Print

Print


Ray,

I liked your original pseudononymous idea and was thinking about trying to re-write it in PowerShell, but looking into the "birthday paradox" comment opens some very interesting possibilities.  

As I understand it, you can uniquely identify someone using just a portion of a hash of their unique ID (e.g. email address).  Even better for us in library land is that if you use just the right number of bits from the hash, you can create a legal-level of plausible deniability while maintaining statistically valid data.  For example, with the right calculations, you can introduce enough of a chance of two patrons having the same "anonymized" identifiers (calculated from a hash of their unique ID) that a patron can't be definitively identified, but at the same time, the vast majority of the identifiers will be unique and thus any statistics will still be highly accurate.  

Good stuff!

Thanks,

Erich



On Friday, September 22, 2023 at 09:43, Ray Voelker eloquently inscribed:

> Hi code4lib folks .. and again ... happy Friday!!
> 
> I just wanted to post an update to this. I wrote in to the Security Now!
> podcast (fantastic show by the way and fully worth listening to on a
> regular basis) about this notion, and it was made the main topic of show
> number 940!
> 
> https://twit.tv/shows/security-now/episodes/940?autostart=false
> 
> The discussion starts around the 1:36 mark.
> 
> Here's what I wrote to Steve Gibson:
> 
> In addition to being an avid listener to Security Now, I'm also a System
>> Administrator for a large public library system in Ohio. Libraries
>> often struggle with data—being especially sensitive around data related
>> to patrons and patron behavior in terms of borrowing, library program
>> attendance, reference questions, etc. The common practice is for
>> libraries to aggregate and then promptly destroy this data within a
>> short time frame—which is typically one month. However, administrators
>> and local government officials, who are often instrumental in
>> allocating library funding and guiding operational strategies,
>> frequently ask questions on a larger time scale than one month to
>> validate the library's significance and its operational strategies.
>> Disaggregation of this data to answer these types of questions is very
>> difficult and arguably impossible.

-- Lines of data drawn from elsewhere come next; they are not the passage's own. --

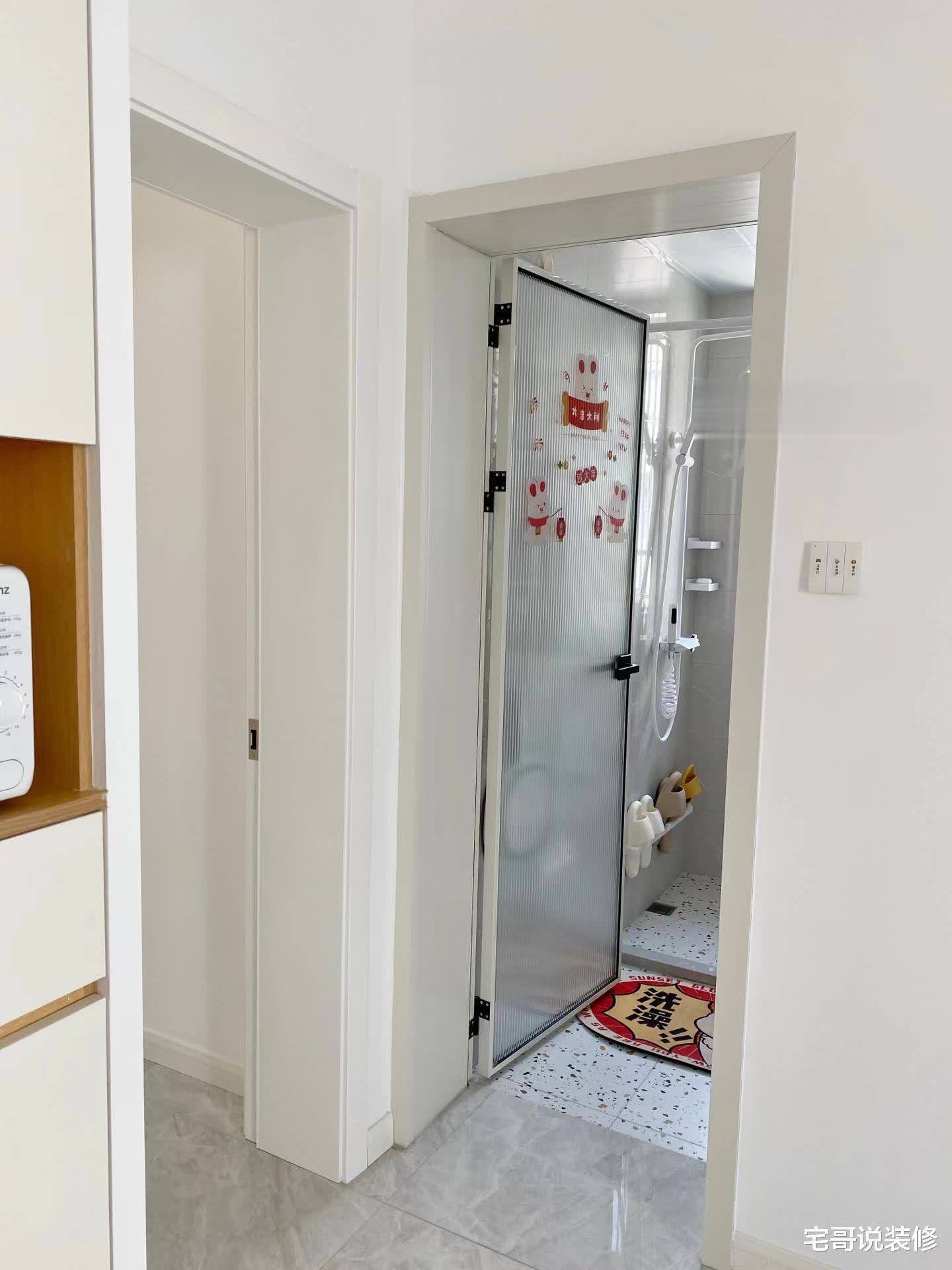 卫生间的门换成了长虹玻璃门,这样可以让小空间变得更加明亮和通透。
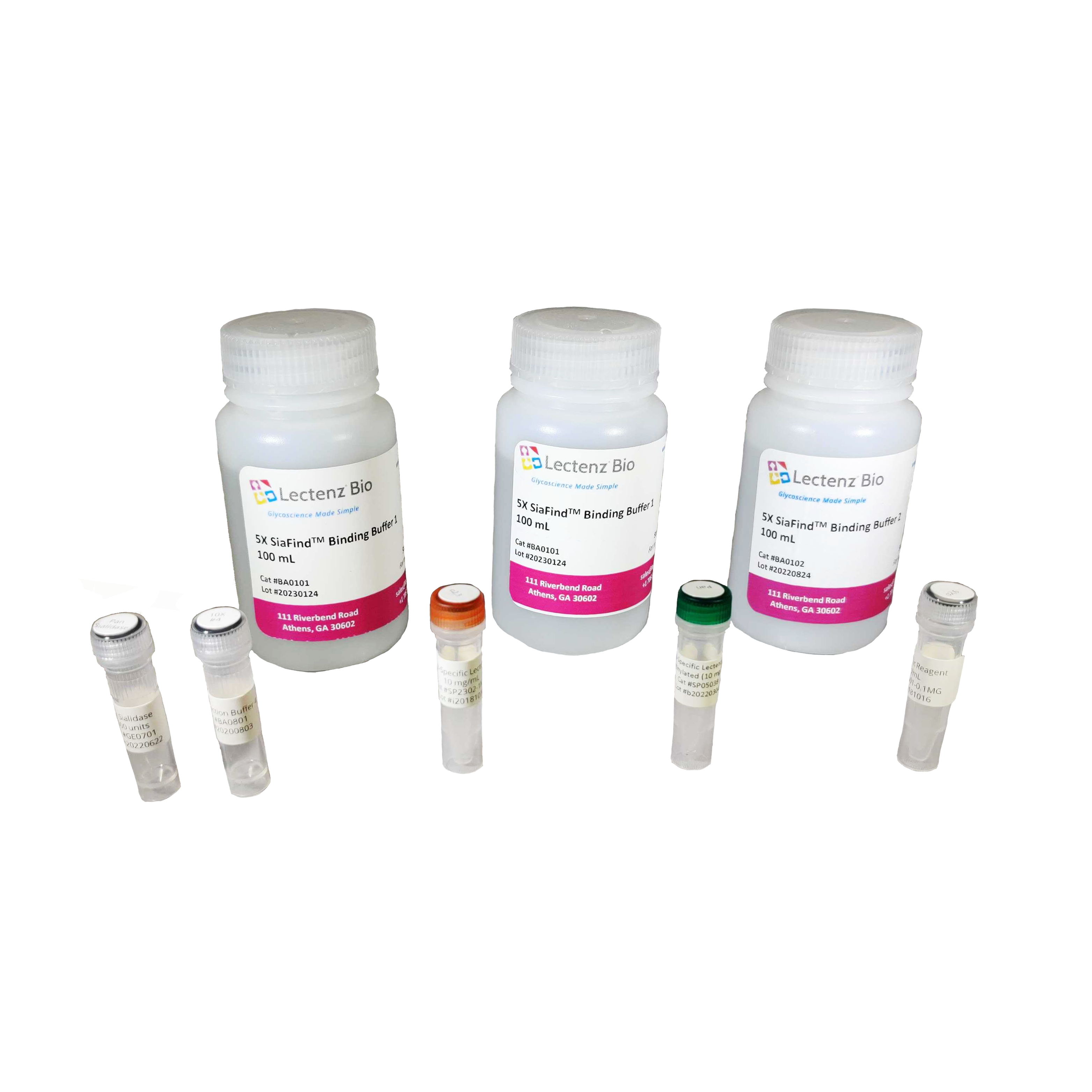 The SiaFind™ Lectenz® and reagents are supplied lyophilized in a storage buffer (50 mM EPPS, 200 mM NaCl, pH 7.5) and should be reconstituted in 100 μL molecular water grade to yield a 10 mg/mL solution (SP2302 and SP0502) or 1 mg/mL solution (SP2602). Concentration is determined by spectrophotometry using E1% 22.0. Once reconstituted, store at 4°C for up to 5 days or -20°C for up to 6 months. Aliquoting is recommended to avoid repeated freeze-thaw cycles.
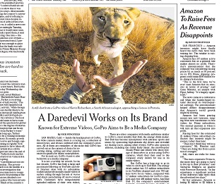GoPro, the company whose cameras are the go-to gadgets for daredevils, is now working on becoming a media company. The New York Times says GoPro is focusing efforts on distributing the content created with its cameras. The Times says the move is designed to help the company survive in a market where standalone cameras have been devastated by smartphones and tablets.
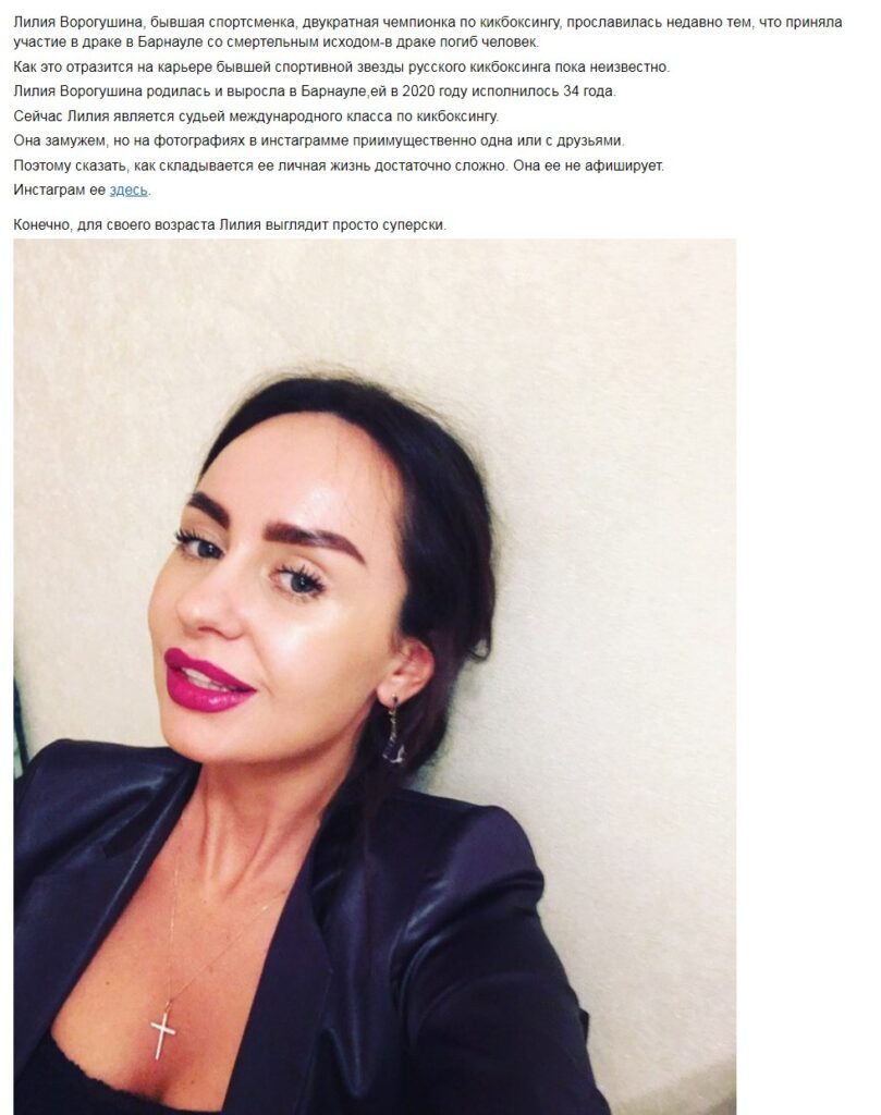Reporterii Deschide.md au identificat că printre aceștia se numără și Lilia Vorogușina, arbitru la kickboxing. Aceasta este cunoscută pentru faptul că acum 5 ani a participat la o bătaie din Barnaul, soldată cu deces. În acest dosar Vorogușina are statut de „martor”.

This puts people like me, and many
>> others like me, in a tough spot in terms of storing and later using
>> sensitive data to provide the answers to these questions of pretty
>> serious consequence—like, what should we spend money on, or why we
>> should continue to exist.
> 
> I’m sure you’re aware, but there are many interesting historical reasons
>> for this sensitivity, and organizations like the American Library
>> Association (ALA) and other international library associations have
>> even codified the protection of patron privacy into their codes of
>> ethics. For example, the ALA's Code of Ethics states: "We protect each
>> library user's right to privacy and confidentiality with respect to
>> information sought or received and resources consulted, borrowed,
>> acquired or transmitted." While I deeply respect and admire this
>> stance, it doesn't provide a solution for those of us wrestling with
>> the aforementioned existential questions.
>> 
> 
> In this context, I'd be immensely grateful if you could share your insights
>> on the technique of "Pseudonymization" ( https://
>> en.wikipedia.org/wiki/Pseudonymization <https://t.co/gVKvpmzoxp>) for
>> PII data. Additionally, I'd appreciate a brief review of a Python
>> module I'm developing, which aims to assist me (and potentially other
>> library professionals) in retaining crucial data for subsequent
>> analysis while ensuring data subject privacy.
>> https://gist.github.com/rayvoelker/80c 0dfa5cb47e63c7e498bd064d3c0b6
>> <https://t.co/aAapRKgElr> Thank you once again, Steve, for your
>> invaluable contributions to the security community. I eagerly await
>> your feedback!
>> 
>> 
>  I think the even better solution compared to Pseudonymization involves the
> Birthday Paradox. It's a direction I hadn't even thought of for this!
> 
> --Ray
> 
> On Fri, Sep 15, 2023 at 2:43 PM Ray Voelker <[log in to unmask]> wrote:
> 
>> Hi code4lib folks .. happy Friday!
>> 
>> I started putting together a little Python utility for doing
>> Pseudonymization tasks
>> (https://en.wikipedia.org/wiki/Pseudonymization). The goal is to be
>> able to do more analysis on data related to circulation while securely
>> maintaining patron privacy.
>> 
>> For a little bit of background I wanted something *like a hash* (but
>> more secure than a hash), for replacing select fields related to patron
>> records. I also wanted something that could possibly be reversed given
>> an encrypted private key that would be stored well outside of the scope
>> of the project. I'm thinking that if you wanted to geocode addresses
>> for example, you could temporarily decrypt each field needed for the
>> task, use the *pseudonymized* patron id as the identifier, and then
>> send your data off to the geocoder of your choice. Another example
>> would be to store a pseudonymized patron id as the identifier in things
>> like circulation data used for later analysis, or for transmitting to
>> trusted 3rd parties who may do analysis for you.
>> 
>> I'm humbly asking for anyone with some background in using encryption to
>> review the code I have and maybe offer some comments / concerns /
>> suggestions / jokes about this.
>> 
>> Thanks in advance!
>> 
>> https://gist.github.com/rayvoelker/80c0dfa5cb47e63c7e498bd064d3c0b6
>> 
>> --
>> Ray Voelker
>> 
> 
>